"""
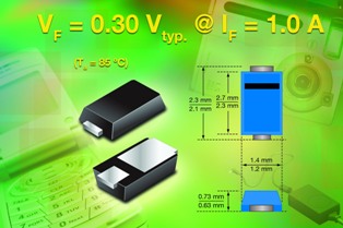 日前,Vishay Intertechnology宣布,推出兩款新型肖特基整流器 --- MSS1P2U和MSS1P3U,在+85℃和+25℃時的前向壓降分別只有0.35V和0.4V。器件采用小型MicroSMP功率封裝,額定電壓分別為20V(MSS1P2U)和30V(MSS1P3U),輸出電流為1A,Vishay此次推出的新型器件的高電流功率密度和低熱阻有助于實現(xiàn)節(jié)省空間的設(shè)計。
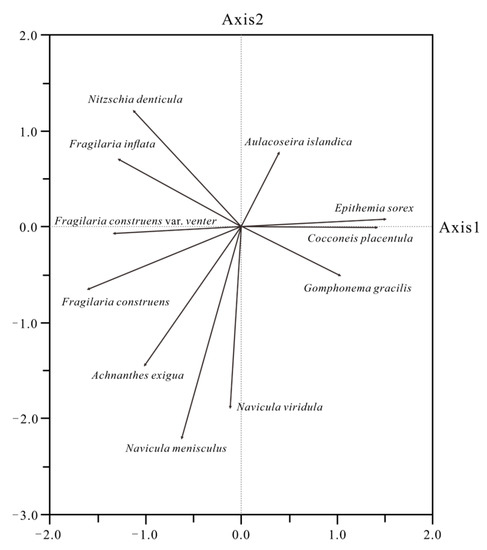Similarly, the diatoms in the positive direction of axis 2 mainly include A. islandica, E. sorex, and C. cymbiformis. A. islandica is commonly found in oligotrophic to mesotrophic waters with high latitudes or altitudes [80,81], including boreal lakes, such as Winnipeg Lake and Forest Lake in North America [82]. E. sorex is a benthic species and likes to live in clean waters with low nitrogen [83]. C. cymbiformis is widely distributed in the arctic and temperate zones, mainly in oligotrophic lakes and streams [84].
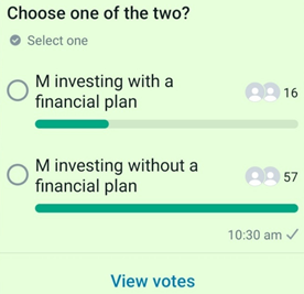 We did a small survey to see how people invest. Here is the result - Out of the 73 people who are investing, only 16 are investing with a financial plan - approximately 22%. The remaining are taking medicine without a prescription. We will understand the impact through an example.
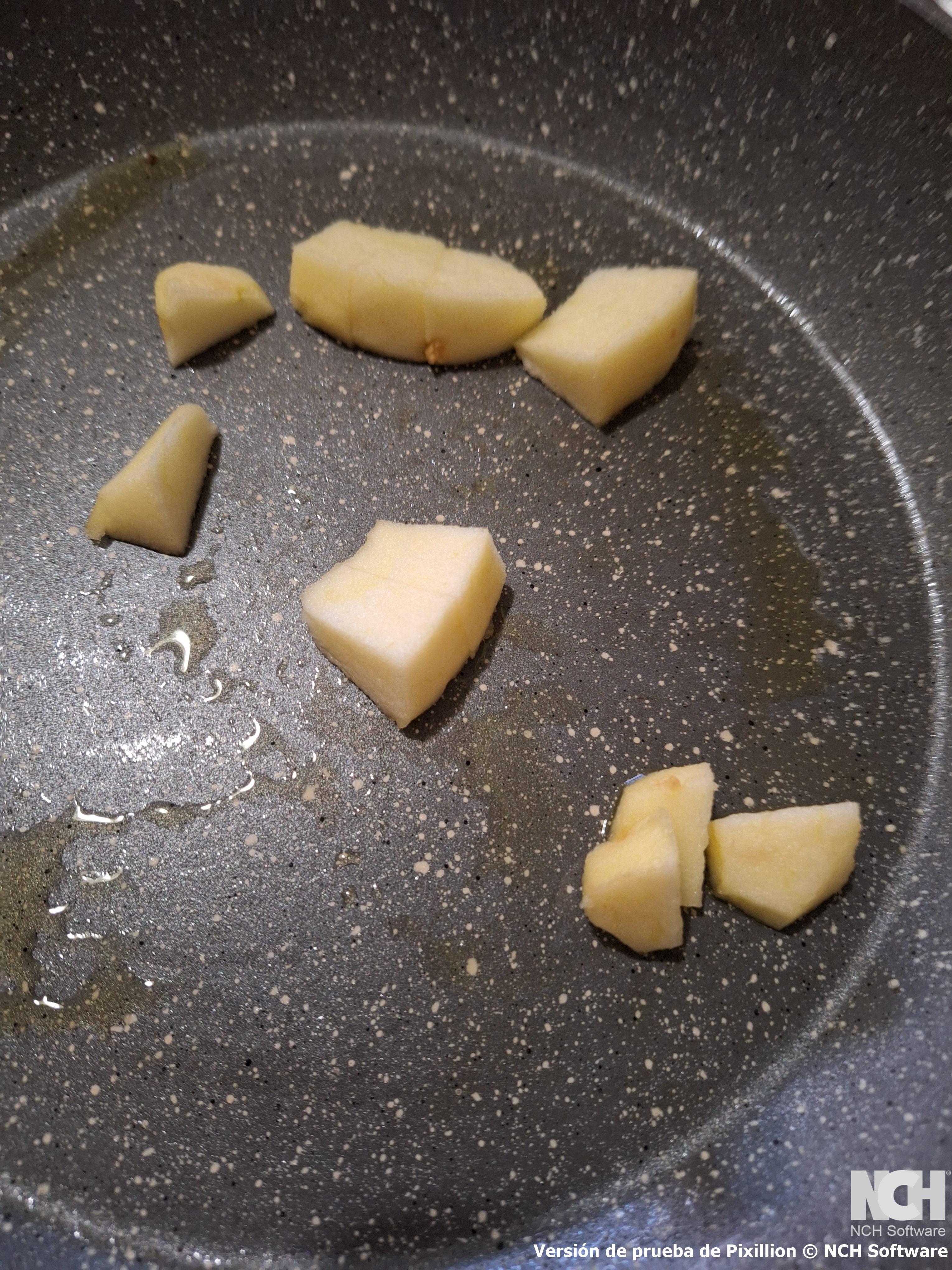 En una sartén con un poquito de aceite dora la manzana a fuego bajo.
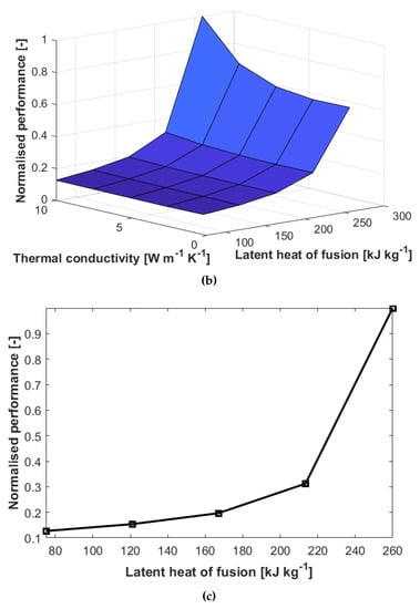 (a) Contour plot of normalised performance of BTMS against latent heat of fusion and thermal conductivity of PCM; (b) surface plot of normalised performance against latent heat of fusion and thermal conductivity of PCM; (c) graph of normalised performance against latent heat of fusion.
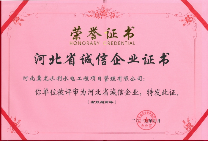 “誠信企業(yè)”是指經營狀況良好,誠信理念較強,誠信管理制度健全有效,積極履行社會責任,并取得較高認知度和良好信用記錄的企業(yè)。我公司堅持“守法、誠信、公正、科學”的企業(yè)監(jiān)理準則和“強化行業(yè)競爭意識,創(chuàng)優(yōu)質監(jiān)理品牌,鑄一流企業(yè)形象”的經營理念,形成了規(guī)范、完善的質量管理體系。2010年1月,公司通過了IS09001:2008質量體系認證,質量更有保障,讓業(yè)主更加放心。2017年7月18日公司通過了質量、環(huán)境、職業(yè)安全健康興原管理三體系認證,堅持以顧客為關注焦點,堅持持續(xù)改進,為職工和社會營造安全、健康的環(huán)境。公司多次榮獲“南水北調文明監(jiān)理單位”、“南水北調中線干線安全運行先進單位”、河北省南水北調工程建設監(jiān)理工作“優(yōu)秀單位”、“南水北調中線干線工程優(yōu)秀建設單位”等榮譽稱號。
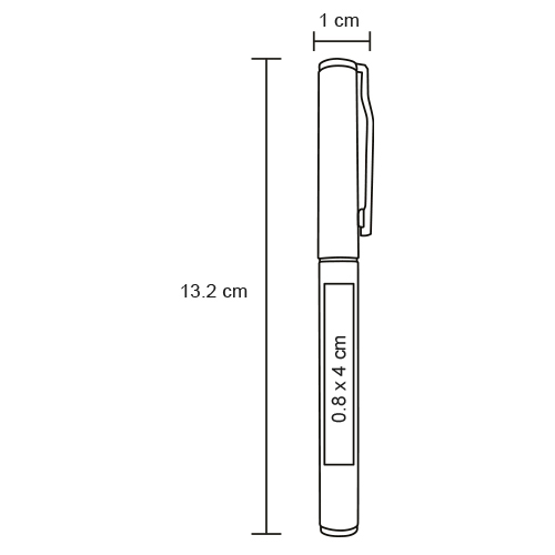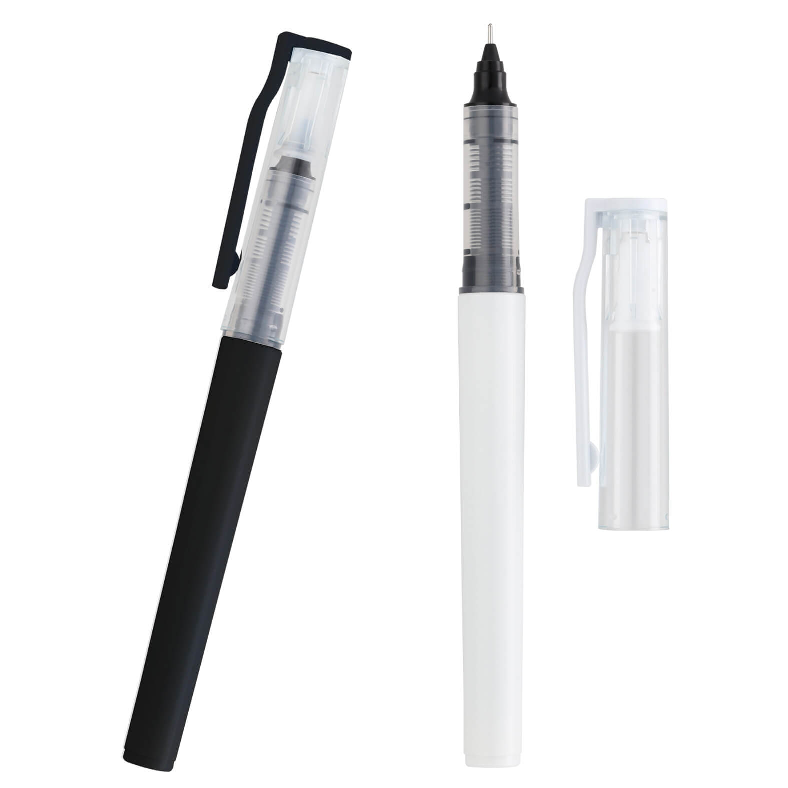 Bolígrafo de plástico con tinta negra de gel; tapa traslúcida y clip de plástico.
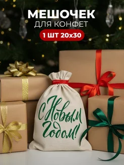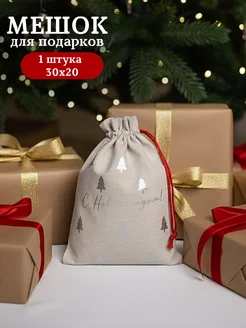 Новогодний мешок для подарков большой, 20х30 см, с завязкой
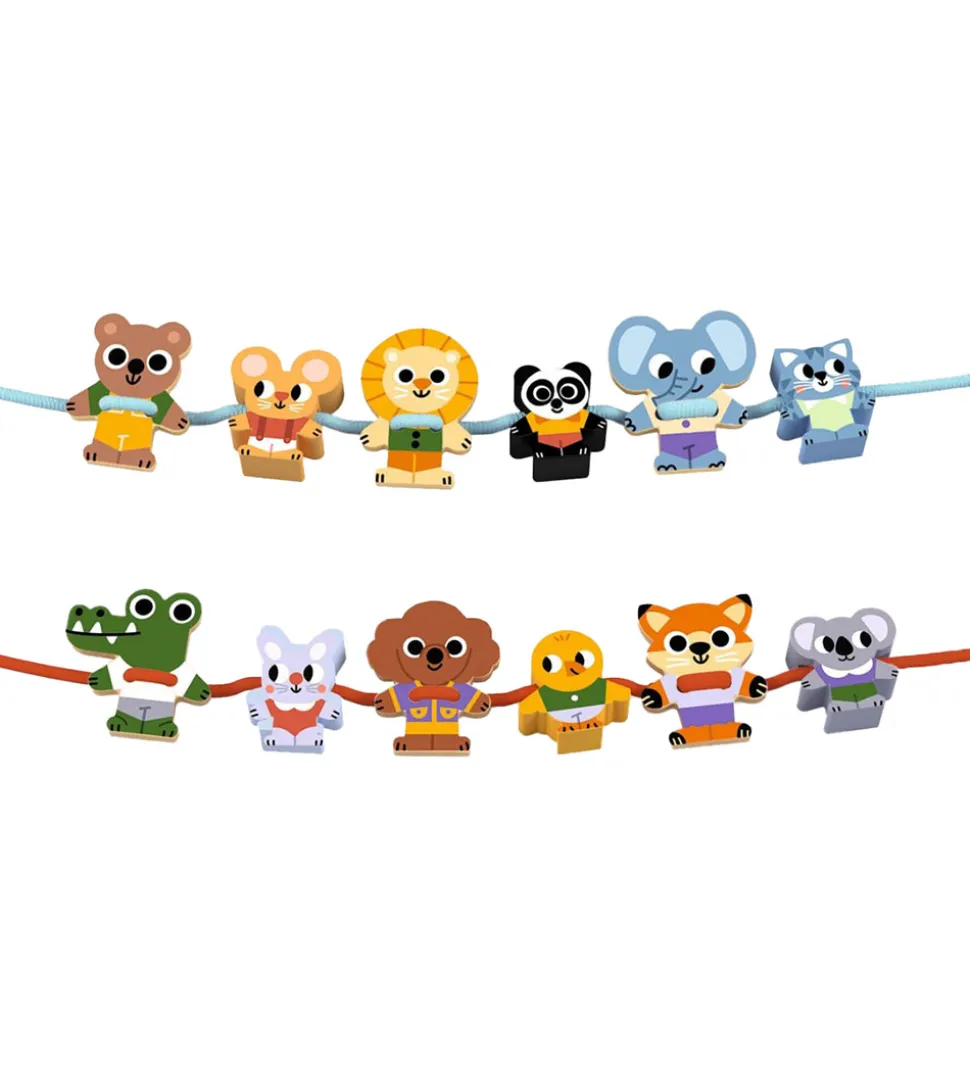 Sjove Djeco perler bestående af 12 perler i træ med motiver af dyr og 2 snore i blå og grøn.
"""
*EXERCISE INSTRUCTIONS*: Above are the records; set down exactly the lines from the line containing "Новогодний мешок для" through their last line, leaving every picture out.

*COMPLETED EXERCISE*:
 Новогодний мешок для подарков большой, 20х30 см, с завязкой
 Sjove Djeco perler bestående af 12 perler i træ med motiver af dyr og 2 snore i blå og grøn.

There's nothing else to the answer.